=== DATA EXTRACTS ===
###

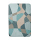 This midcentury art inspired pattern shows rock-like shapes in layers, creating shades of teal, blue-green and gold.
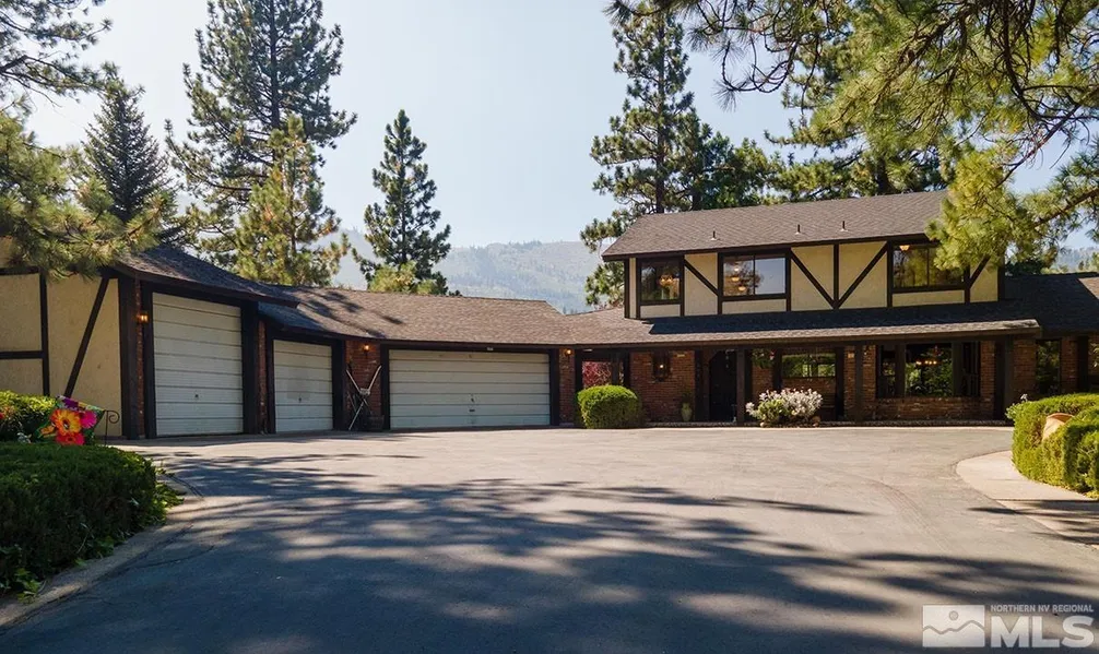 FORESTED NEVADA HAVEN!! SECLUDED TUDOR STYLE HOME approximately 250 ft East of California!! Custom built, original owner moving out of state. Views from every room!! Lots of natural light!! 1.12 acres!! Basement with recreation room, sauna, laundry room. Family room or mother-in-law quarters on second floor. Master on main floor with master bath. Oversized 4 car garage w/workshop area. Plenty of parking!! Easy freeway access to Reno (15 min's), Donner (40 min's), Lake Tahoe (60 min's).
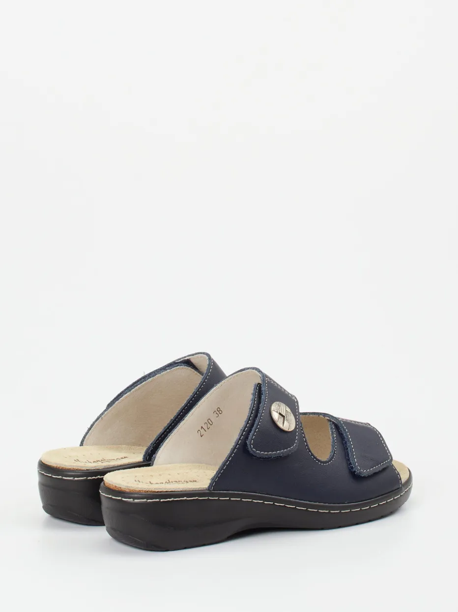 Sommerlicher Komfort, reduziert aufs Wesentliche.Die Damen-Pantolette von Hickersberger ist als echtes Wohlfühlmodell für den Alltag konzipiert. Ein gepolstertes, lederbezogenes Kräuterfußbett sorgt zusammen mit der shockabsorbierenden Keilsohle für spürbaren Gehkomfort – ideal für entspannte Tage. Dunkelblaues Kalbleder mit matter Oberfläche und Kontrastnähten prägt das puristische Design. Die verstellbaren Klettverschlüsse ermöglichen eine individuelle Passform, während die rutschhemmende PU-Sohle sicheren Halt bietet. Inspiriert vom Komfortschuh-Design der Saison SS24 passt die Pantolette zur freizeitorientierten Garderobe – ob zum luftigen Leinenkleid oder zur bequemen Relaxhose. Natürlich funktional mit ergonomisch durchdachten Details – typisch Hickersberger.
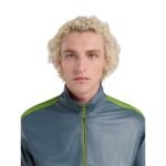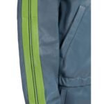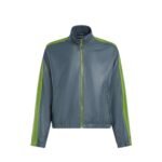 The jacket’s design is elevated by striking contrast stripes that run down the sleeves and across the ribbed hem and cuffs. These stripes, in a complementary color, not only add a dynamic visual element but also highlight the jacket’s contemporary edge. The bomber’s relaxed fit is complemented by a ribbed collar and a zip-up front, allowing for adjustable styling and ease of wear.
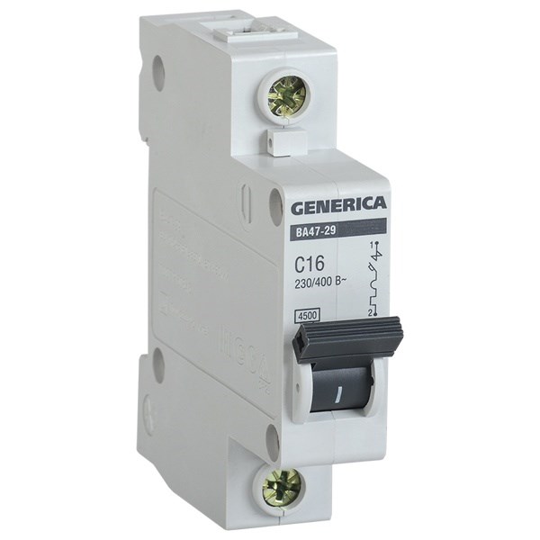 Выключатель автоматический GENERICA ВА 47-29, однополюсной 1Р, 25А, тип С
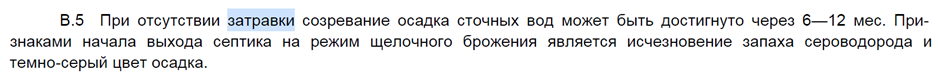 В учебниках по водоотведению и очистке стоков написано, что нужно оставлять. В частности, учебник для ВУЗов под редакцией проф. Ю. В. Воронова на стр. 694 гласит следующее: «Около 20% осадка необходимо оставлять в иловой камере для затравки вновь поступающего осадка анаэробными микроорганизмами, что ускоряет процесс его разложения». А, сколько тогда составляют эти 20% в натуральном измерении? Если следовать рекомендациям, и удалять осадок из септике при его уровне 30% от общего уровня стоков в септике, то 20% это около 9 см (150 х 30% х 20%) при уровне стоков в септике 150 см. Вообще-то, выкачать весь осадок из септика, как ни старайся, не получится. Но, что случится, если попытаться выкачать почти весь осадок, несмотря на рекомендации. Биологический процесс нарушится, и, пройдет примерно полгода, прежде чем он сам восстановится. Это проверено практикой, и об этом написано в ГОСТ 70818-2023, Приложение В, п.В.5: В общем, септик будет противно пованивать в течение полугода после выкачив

###

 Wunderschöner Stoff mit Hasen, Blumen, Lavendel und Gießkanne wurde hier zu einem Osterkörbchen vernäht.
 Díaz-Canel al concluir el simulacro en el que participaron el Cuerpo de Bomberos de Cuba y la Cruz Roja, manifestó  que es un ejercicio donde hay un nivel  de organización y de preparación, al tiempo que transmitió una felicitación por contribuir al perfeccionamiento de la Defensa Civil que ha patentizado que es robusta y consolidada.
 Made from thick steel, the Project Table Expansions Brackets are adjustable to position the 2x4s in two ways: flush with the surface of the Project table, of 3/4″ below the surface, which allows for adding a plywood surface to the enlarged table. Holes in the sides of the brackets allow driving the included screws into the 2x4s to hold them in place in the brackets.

###

=== TRY IT ===
Although pictures appear among the records above, none are to be output; print exactly the lines from the line containing "The jacket’s design" through the line containing "Выключатель автоматический GENERICA".

=== THE COMPLETED TASK ===
 The jacket’s design is elevated by striking contrast stripes that run down the sleeves and across the ribbed hem and cuffs. These stripes, in a complementary color, not only add a dynamic visual element but also highlight the jacket’s contemporary edge. The bomber’s relaxed fit is complemented by a ribbed collar and a zip-up front, allowing for adjustable styling and ease of wear.
 Выключатель автоматический GENERICA ВА 47-29, однополюсной 1Р, 25А, тип С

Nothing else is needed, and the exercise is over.